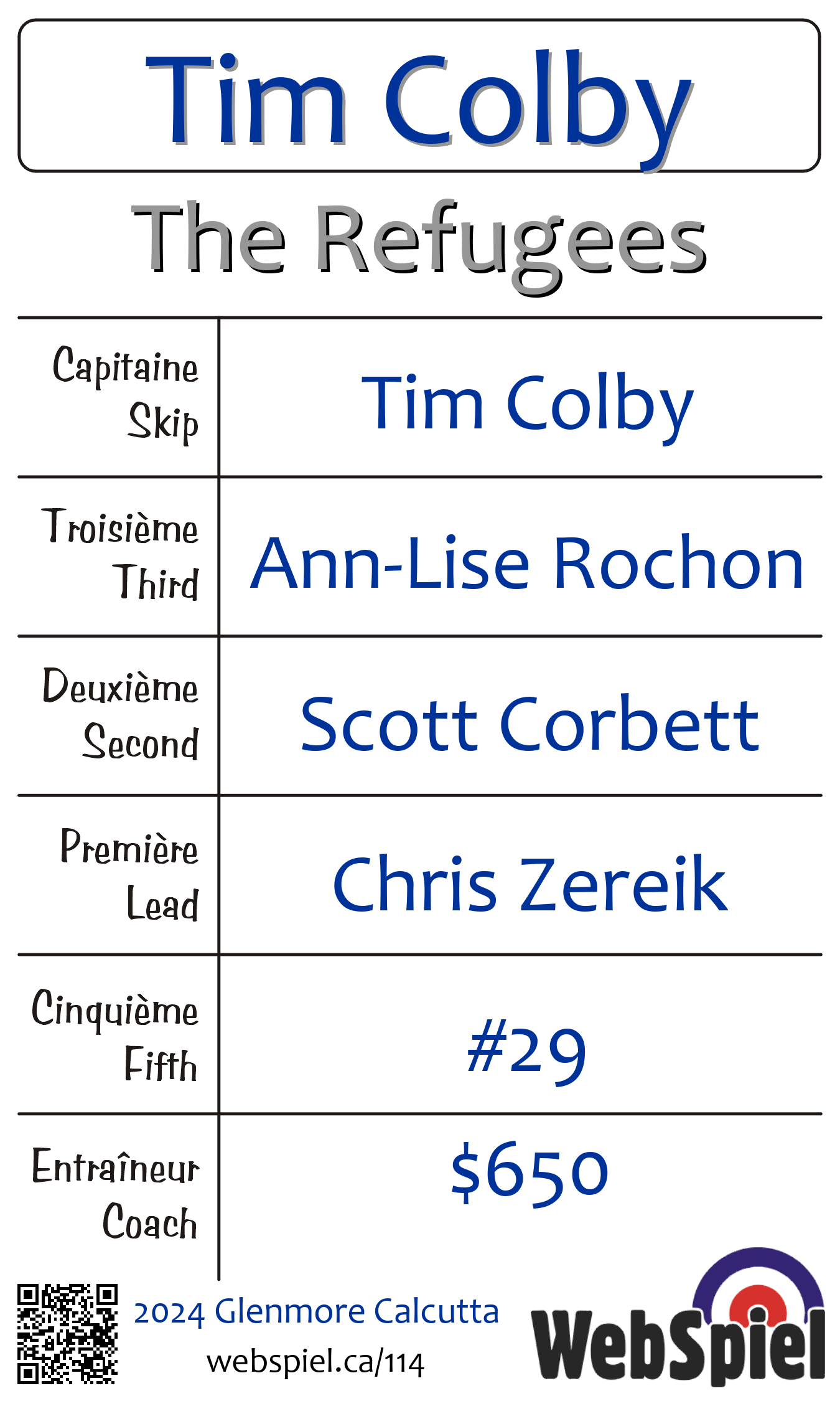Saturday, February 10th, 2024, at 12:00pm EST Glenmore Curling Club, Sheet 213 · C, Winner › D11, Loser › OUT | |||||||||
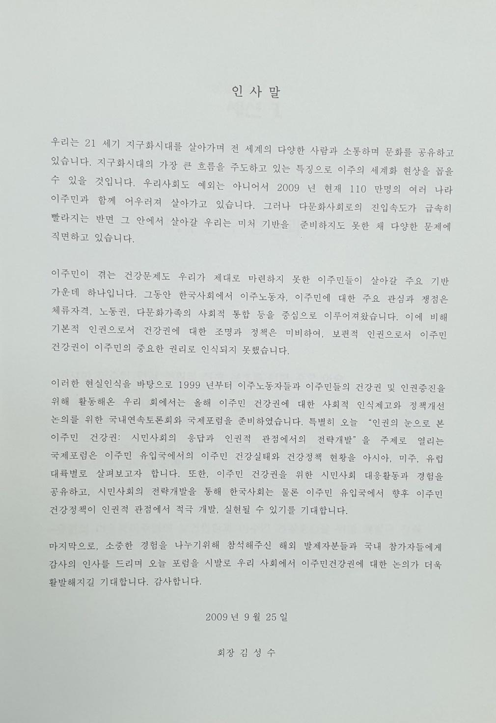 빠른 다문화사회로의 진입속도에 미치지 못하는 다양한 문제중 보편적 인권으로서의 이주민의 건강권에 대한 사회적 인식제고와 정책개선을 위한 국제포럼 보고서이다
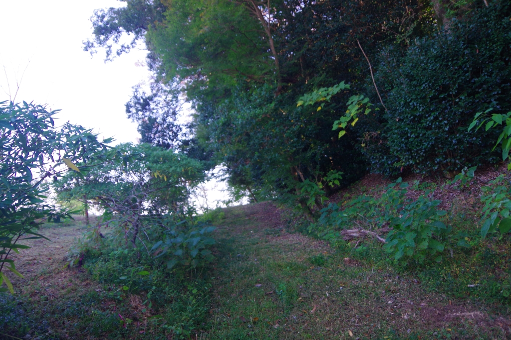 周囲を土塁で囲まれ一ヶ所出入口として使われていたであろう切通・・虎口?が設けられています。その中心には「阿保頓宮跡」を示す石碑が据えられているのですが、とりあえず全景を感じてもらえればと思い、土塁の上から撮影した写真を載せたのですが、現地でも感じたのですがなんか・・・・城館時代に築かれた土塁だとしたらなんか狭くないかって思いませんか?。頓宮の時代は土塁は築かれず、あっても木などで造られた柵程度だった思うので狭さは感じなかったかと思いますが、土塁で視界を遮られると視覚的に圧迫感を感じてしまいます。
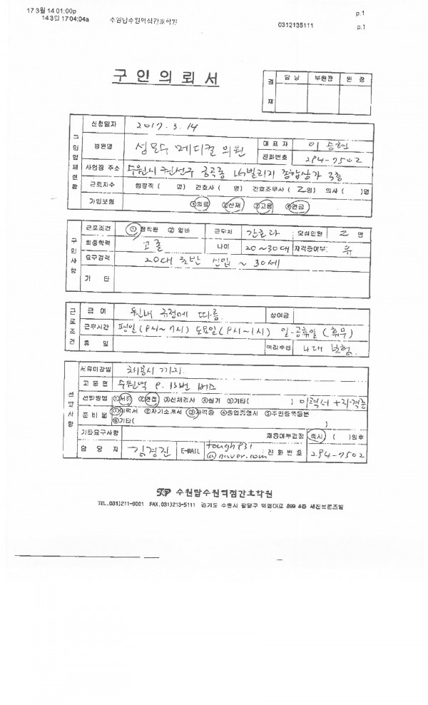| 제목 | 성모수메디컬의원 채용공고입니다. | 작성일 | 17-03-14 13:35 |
...
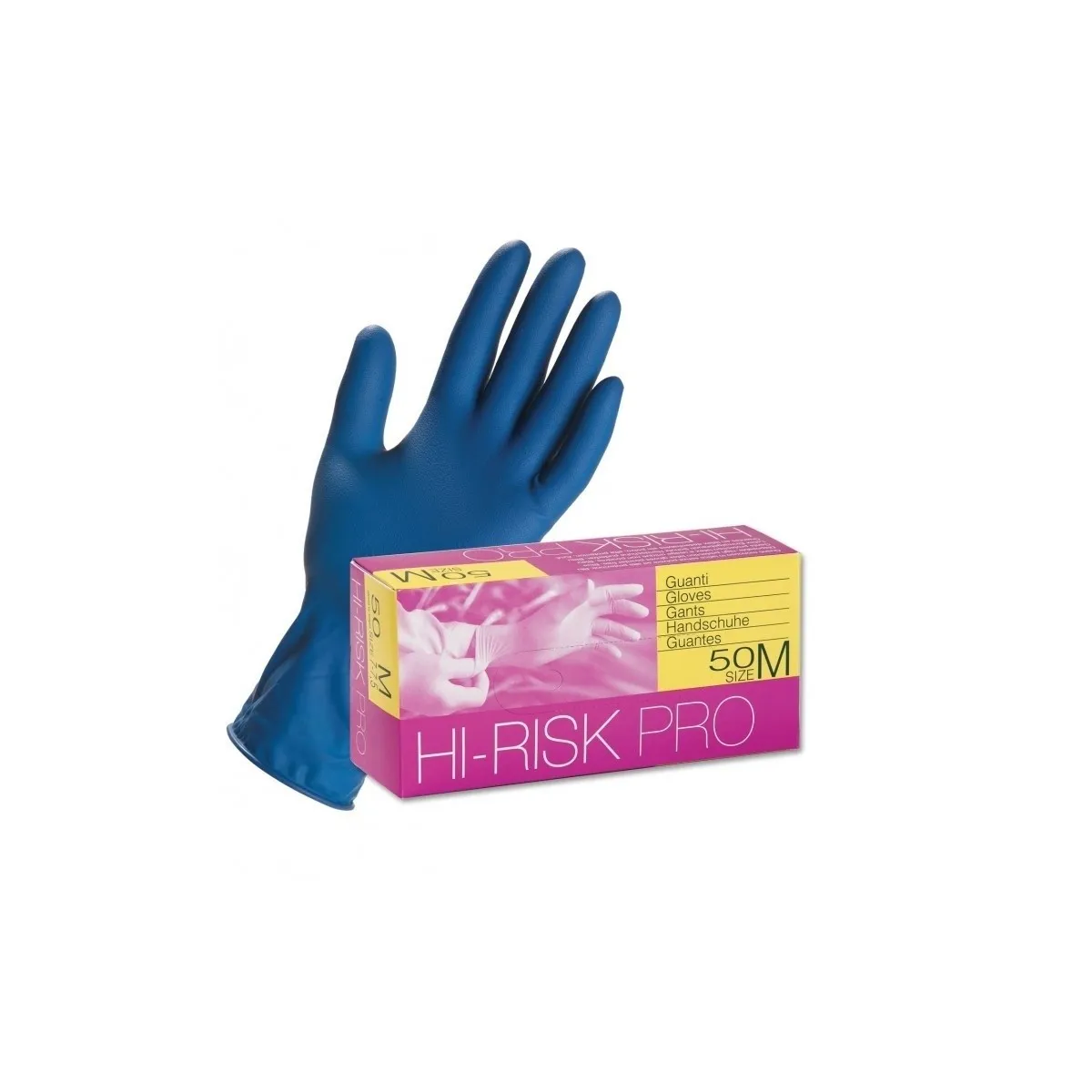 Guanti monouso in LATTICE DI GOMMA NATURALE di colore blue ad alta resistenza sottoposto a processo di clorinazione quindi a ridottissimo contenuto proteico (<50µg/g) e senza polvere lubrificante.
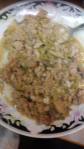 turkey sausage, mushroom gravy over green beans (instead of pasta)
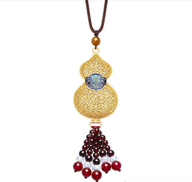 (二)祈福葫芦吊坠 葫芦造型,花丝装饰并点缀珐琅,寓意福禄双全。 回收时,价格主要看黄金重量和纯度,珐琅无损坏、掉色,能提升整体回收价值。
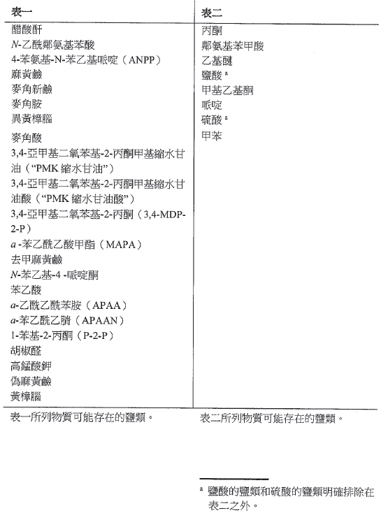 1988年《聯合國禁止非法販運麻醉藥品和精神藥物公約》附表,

- Task details -
Transcribe, word for word, the stretch of lines in the data above from the one with "Saturday, February 10th, 2024, at" through the one with "17-03-14 13:35 |"; omit all pictures.

- Exercise response -
Saturday, February 10th, 2024, at 12:00pm EST Glenmore Curling Club, Sheet 213 · C, Winner › D11, Loser › OUT | |||||||||
 빠른 다문화사회로의 진입속도에 미치지 못하는 다양한 문제중 보편적 인권으로서의 이주민의 건강권에 대한 사회적 인식제고와 정책개선을 위한 국제포럼 보고서이다
 周囲を土塁で囲まれ一ヶ所出入口として使われていたであろう切通・・虎口?が設けられています。その中心には「阿保頓宮跡」を示す石碑が据えられているのですが、とりあえず全景を感じてもらえればと思い、土塁の上から撮影した写真を載せたのですが、現地でも感じたのですがなんか・・・・城館時代に築かれた土塁だとしたらなんか狭くないかって思いませんか?。頓宮の時代は土塁は築かれず、あっても木などで造られた柵程度だった思うので狭さは感じなかったかと思いますが、土塁で視界を遮られると視覚的に圧迫感を感じてしまいます。
| 제목 | 성모수메디컬의원 채용공고입니다. | 작성일 | 17-03-14 13:35 |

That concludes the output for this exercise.